Двинулись земли низы. Том 2. Индустриализация - страница 5

Шрифт
Интервал


Грубо говоря, если в первом томе были истории людей и страна, в которой они жили, то во втором мне придется писать про историю страны и людей, которые эту историю делали.

А пока я попробую объяснить превращение двадцатых в тридцатые дважды – сначала стихами, потом прозой.

Стихи будут, разумеется, не мои, а поэта Слуцкого, который еще появится в нашем повествовании. Стихотворение о двадцатых называется «Советская старина».


Советская старина. Беспризорники. Общество «Друг детей».

Общество эсперантистов. Всякие прочие общества.

Затеиванье затейников и затейливейших затей.

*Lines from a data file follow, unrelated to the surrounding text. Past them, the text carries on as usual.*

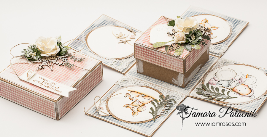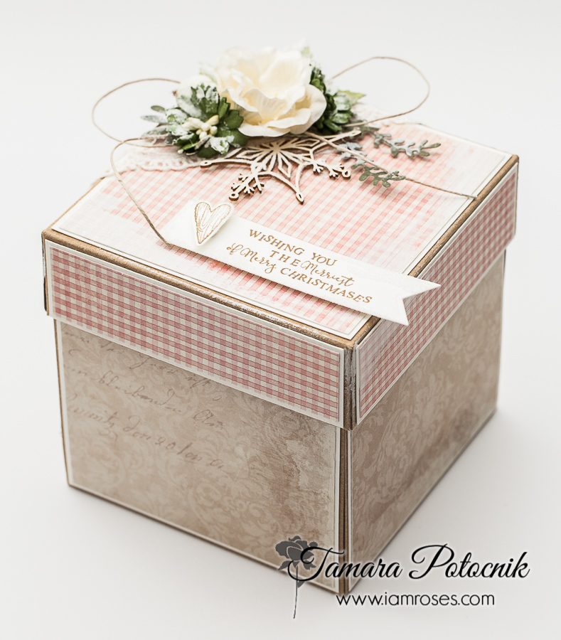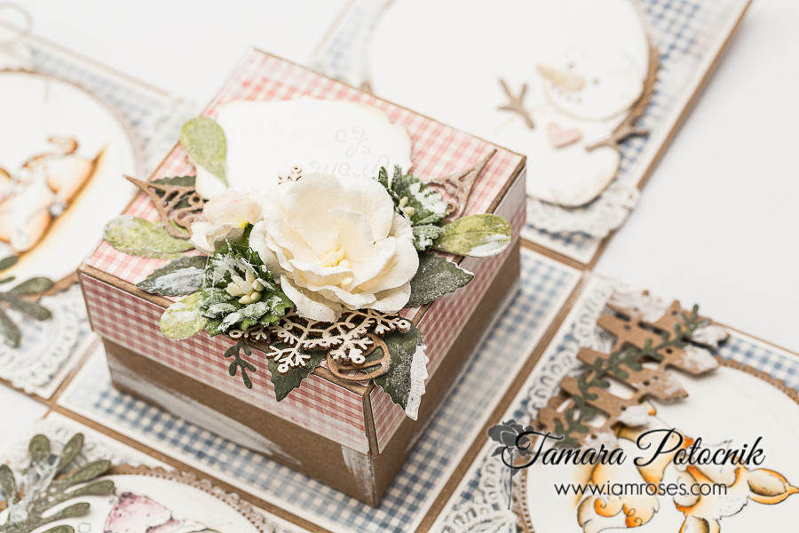 Iside the box I put another smaller box, for a little prezzie and decorated it with pretty Maja Design papers and I am roses flowers. I used white and green flowers on this box. It’s a bit unusual colour combo for me, but it works really great on this project.
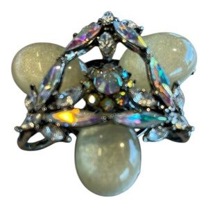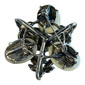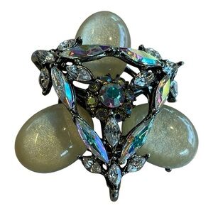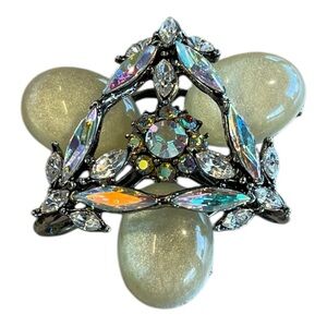 This brooch features a trio of lustrous off-white cabochons arranged in a triangle, each surrounded by delicate metalwork resembling leaves and petals. The center of the brooch is adorned with a cluster of sparkling iridescent crystals in various shapes and sizes, creating a dazzling focal point. The overall design exudes a vintage-inspired elegance with a touch of floral charm.
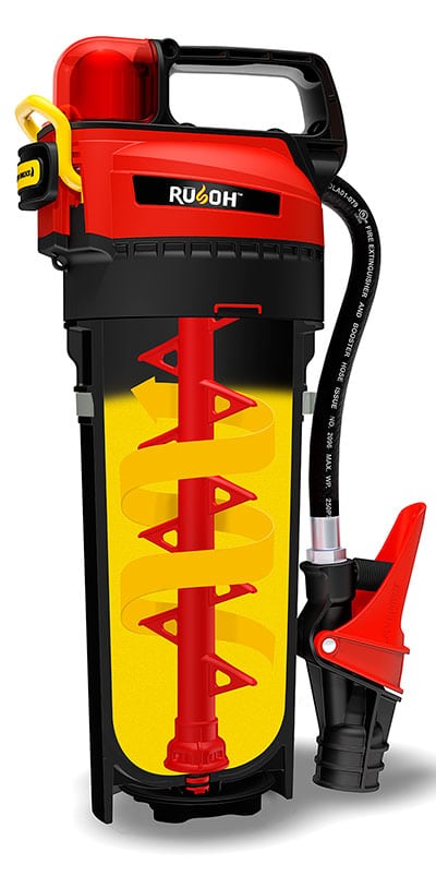 Ergonomically designed for quick deployment by anyone, the Rusoh Eliminator utilizes a valve and nozzle assembly that lets you control the flow and direction of discharge with one hand. The nozzle design is optimized for a wider dispersion of the dry chemical extinguishing agent and provides superior suppressing power when compared to traditional nozzle designs.
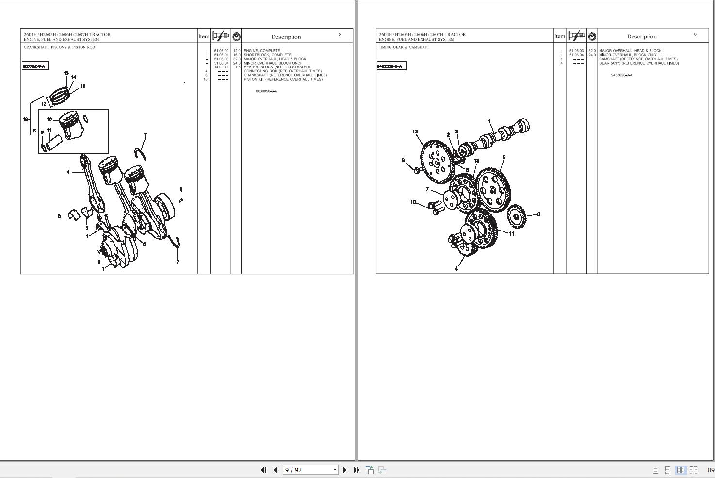 Massey Ferguson 2604H 2605H 2606H 2607H Parts Manual 4283605M1

Всё мчится и всё клубится. И ничего не топчется.


Античность нашей истории. Осоавиахим.

Пожар мировой революции,

горящий в отсвете алом.

Всё это, возможно, было скудным или сухим.

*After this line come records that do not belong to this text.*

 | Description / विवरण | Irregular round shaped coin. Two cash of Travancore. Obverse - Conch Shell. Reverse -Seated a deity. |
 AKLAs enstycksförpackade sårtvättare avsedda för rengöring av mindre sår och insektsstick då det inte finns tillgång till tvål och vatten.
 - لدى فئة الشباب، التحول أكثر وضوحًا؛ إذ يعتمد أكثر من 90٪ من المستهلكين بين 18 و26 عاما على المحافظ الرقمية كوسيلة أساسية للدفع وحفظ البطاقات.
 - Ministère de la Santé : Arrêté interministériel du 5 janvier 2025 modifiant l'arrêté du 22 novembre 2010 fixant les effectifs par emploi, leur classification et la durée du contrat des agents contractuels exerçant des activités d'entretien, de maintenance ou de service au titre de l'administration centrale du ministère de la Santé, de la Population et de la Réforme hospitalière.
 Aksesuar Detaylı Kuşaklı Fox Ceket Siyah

Всё это несомненно было тогда небывалым.


Мы были опытным полем. Мы росли, как могли.

Старались. Не подводили Мичуриных социальных.

А те, кто не собирались высовываться из земли,

те шли по линии органов, особых и специальных.


Всё это Древней Греции уже гораздо древней

и в духе Древнего Рима векам подаёт примеры.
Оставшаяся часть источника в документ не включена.